++++ INPUT DATA

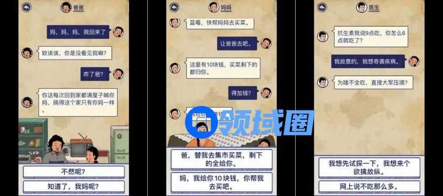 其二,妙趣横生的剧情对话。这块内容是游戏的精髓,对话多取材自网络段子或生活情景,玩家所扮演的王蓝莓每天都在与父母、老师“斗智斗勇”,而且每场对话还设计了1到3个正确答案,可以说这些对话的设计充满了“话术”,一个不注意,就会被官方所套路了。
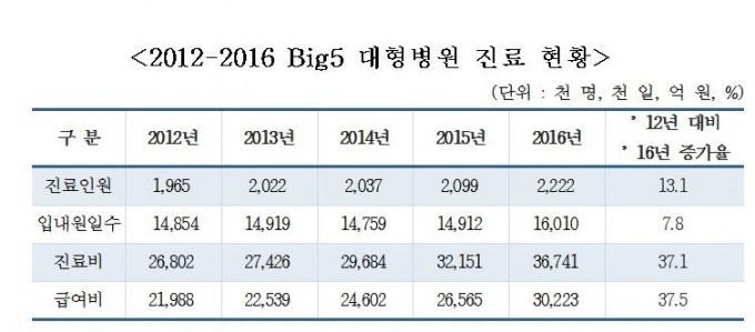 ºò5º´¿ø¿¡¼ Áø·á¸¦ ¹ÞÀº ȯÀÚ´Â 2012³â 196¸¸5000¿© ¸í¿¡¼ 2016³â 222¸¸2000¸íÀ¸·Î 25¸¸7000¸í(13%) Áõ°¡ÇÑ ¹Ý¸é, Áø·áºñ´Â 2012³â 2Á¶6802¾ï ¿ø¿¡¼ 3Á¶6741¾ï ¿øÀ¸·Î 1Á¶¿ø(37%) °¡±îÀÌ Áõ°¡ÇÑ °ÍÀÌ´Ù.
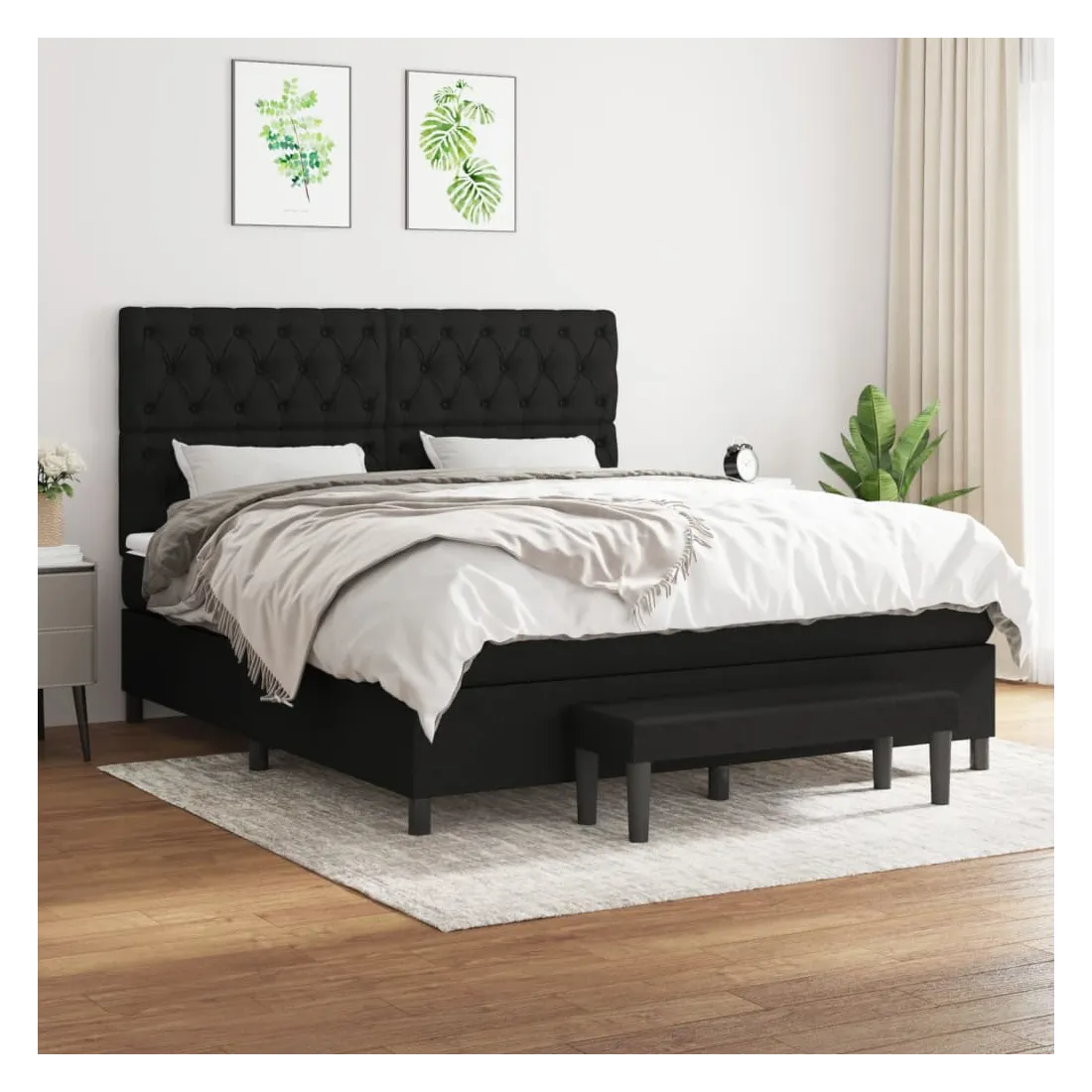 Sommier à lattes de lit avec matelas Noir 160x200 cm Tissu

++++++++

## TO DO
Give again exactly the lines from the one that contains "ºò5º´¿ø¿¡¼ Áø·á¸¦ ¹ÞÀº" through the end of the material, both ends included, omitting the pictures.

## TASK RESPONSE
 ºò5º´¿ø¿¡¼ Áø·á¸¦ ¹ÞÀº ȯÀÚ´Â 2012³â 196¸¸5000¿© ¸í¿¡¼ 2016³â 222¸¸2000¸íÀ¸·Î 25¸¸7000¸í(13%) Áõ°¡ÇÑ ¹Ý¸é, Áø·áºñ´Â 2012³â 2Á¶6802¾ï ¿ø¿¡¼ 3Á¶6741¾ï ¿øÀ¸·Î 1Á¶¿ø(37%) °¡±îÀÌ Áõ°¡ÇÑ °ÍÀÌ´Ù.
 Sommier à lattes de lit avec matelas Noir 160x200 cm Tissu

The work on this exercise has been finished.